CREATE TABLE IF NOT EXISTS `s51187__xtools_tmp`.`201708101025461935804d7bc9bfde231b57ce8330830b_parent` (
                                        `rev_id` int(8) unsigned DEFAULT '0',
                                        `rev_len` int(8) unsigned DEFAULT '0',
                                        KEY `revid` (`rev_id`)
                                        ) ENGINE=MEMORY

ENGINE=MEMORY changed to ENGINE=InnoDB for all dplbot jobs.

jcrespo claimed this task.

Right now the lag is 0 everywhere, maybe it is just a coincidence, but that was the main goal anyway: https://tools.wmflabs.org/replag/

Also:

CREATE TABLE IF NOT EXISTS `s51187__xtools_tmp`.`201708101025461935804d7bc9bfde231b57ce8330830b_parent` (
                                        `rev_id` int(8) unsigned DEFAULT '0',
                                        `rev_len` int(8) unsigned DEFAULT '0',
                                        KEY `revid` (`rev_id`)
                                        ) ENGINE=MEMORY

I've changed this to ENGINE=InnoDB, and did a quick test and everything still seems to work. Hopefully that addresses the issues on our end. We are all looking forward to putting the old XTools to rest!

Thank you both of you- even if this wasn't the cause, it certainly helps catching up faster and avoiding unnecessary noise.

This is still ongoing- the CREATE ... SELECT on p50380g50692__DPL_p is the main cause why enwiki is lagging 5 hours behind. To prove it, when queries are killed, it catches up.

What is the specific query that seems to be causing the problem now?

CREATE TABLE ch_pl SELECT ... was running at the time, not sure if it was the only one.

dplbot/s51290 seems to keep creating issues. In this case, the lag was caused by a different issue (another user creating heavy queries, not by itself), but it was making difficult to catch up replication right now. I have banned the s51290 from labsdb1001 (not from other replicas, that can still be used, or other database hosts) until the lag goes back to 0 or close. Once I did that, replication lag started decreasing.

Is it possible to give s51290 read-only access to labsdb1001 until I have a chance to update the troublesome scripts?

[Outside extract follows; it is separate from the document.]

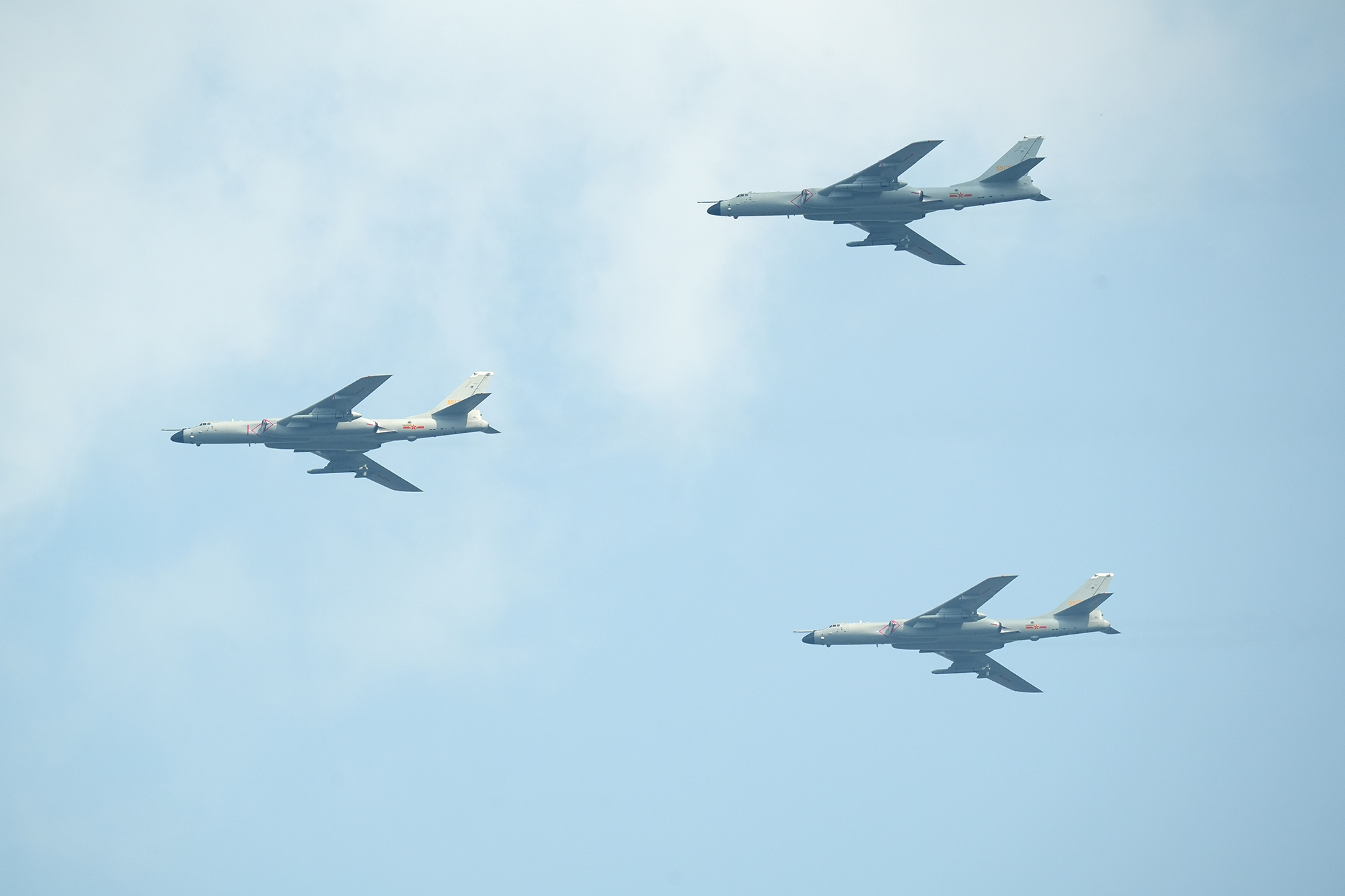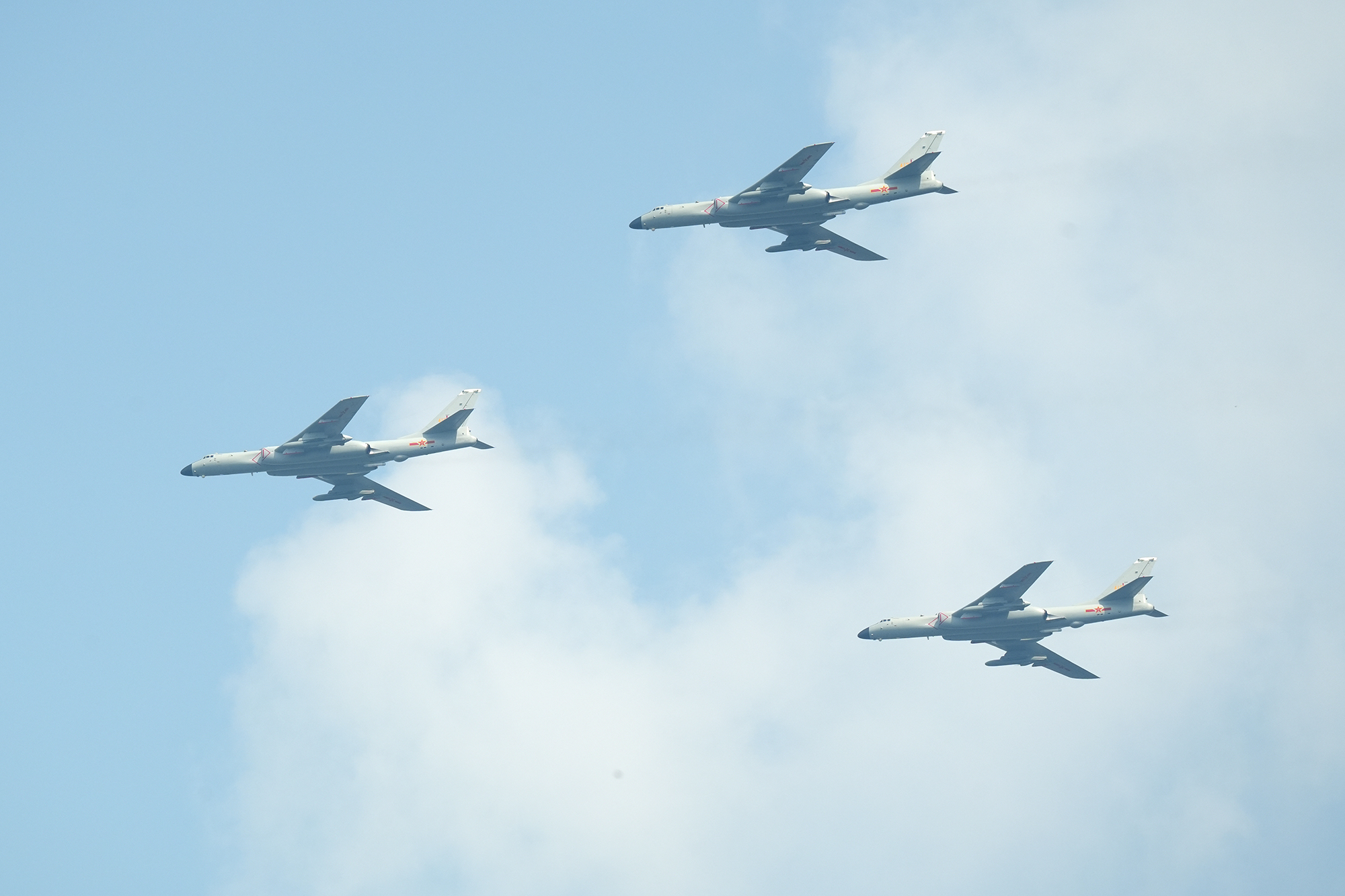 轟炸機梯隊接受檢閱。受閱的轟6N戰略轟炸機以及轟6K、轟6J,是我軍空基遠程打擊力量。攝影:鄭宇航

Is it possible to give s51290 read-only access to labsdb1001 until I have a chance to update the troublesome scripts?

Done.

jcrespo closed this task as Resolved.EditedSep 30 2017, 9:47 AM

I've granted GRANT ALL PRIVILEGES ON `s51290\_\_%`.* TO 's51290'@'%' and GRANT ALL PRIVILEGES ON `p50380g50692\_\_%`.* TO 's51290'@'%' back to this account on labsdb1001.